En ce printemps 1914, la France et l’Angleterre resserrent leurs liens.
L’Entente Cordiale date des accords signés le 8 avril 1904 ; elle avait donc 10 ans lors de la visite des souverains anglais. Elle n’a jamais été une alliance et ne prévoyait rien d’un point de vue militaire entre les deux pays. Elle avait seulement mis fin à des siècles d’adversité entre les deux pays et réglait tous les différents coloniaux. Edouard VII, mort en 1910, francophile, avait beaucoup contribué à cette Entente. Son fils George V ne fit que renforcer l’œuvre de son père.
En France, on est conscient de l’importance de l’Entente et cette visite officielle se fait avec un apparat grandiose. À Calais, où accoste le yacht royal, comme à Paris, on pavoise et on applaudit sur le passage des souverains. Le journaliste évoque une véritable ferveur populaire. On trouve là ce goût bien français pour les ors des monarchies étrangères, cette sorte de nostalgie d’une royauté nationale que l’on a abattue et dont on exorcise la disparition par monarques interposés et par l’apparat du pouvoir républicain.
Les marchands ambulants profitent aussi de l’occasion pour écouler ce que l’on appellerait aujourd’hui des produits dérivés : drapeaux anglais, textes du God save the King…
La visite des souverains étaient déjà annoncée dans le Petit Comtois du 19 avril avec cette photo en une.
Le roi et la reine y apparaissent avec tous les attributs de leur majesté. Bien que le journal soit très républicain, le rédacteur en chef connaît la sensibilité des lecteurs aux affaires monarchiques et il cherche ainsi à leur plaire. À moins qu’il ne veuille réveiller un sentiment antiroyaliste à la veille d’un scrutin législatif où les monarchistes français n’ont aucune chance mais sont encore présents. Ce serait alors mal venu compte-tenu de la qualité démocratique du régime britannique.
Cette visite était une réponse à celle du Président Poincaré, invité par les souverains Britanniques (cf. billet du 29 novembre 2013) six mois auparavant.
Lors du dîner donné en soirée à l’Elysée, le Président Poincaré porta le toast ci-contre dans lequel il rappelle l’origine et le contenu de l’Entente Cordiale.

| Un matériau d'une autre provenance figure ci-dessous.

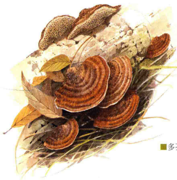
■多孔菌科……见第 124 页

Il montre par sa dernière remarque toute l’importance de cette Entente pour garantir l’équilibre européen.
Il évoque ainsi le contrepoids que représente la Triple Entente face à la Triple Alliance.
Le souverain anglais y répondit avec des formules équivalentes, rappelant comment son père, Édouard VII, aimait Paris et s’y sentait chez lui.
On remarquera combien les systèmes d’alliance étaient forts et entretenus en ce printemps 1914. Il ne sera pas étonnant, à peine plus de trois mois après, de les voir fonctionner et entraîner les pays membres (et d’autres) dans la guerre.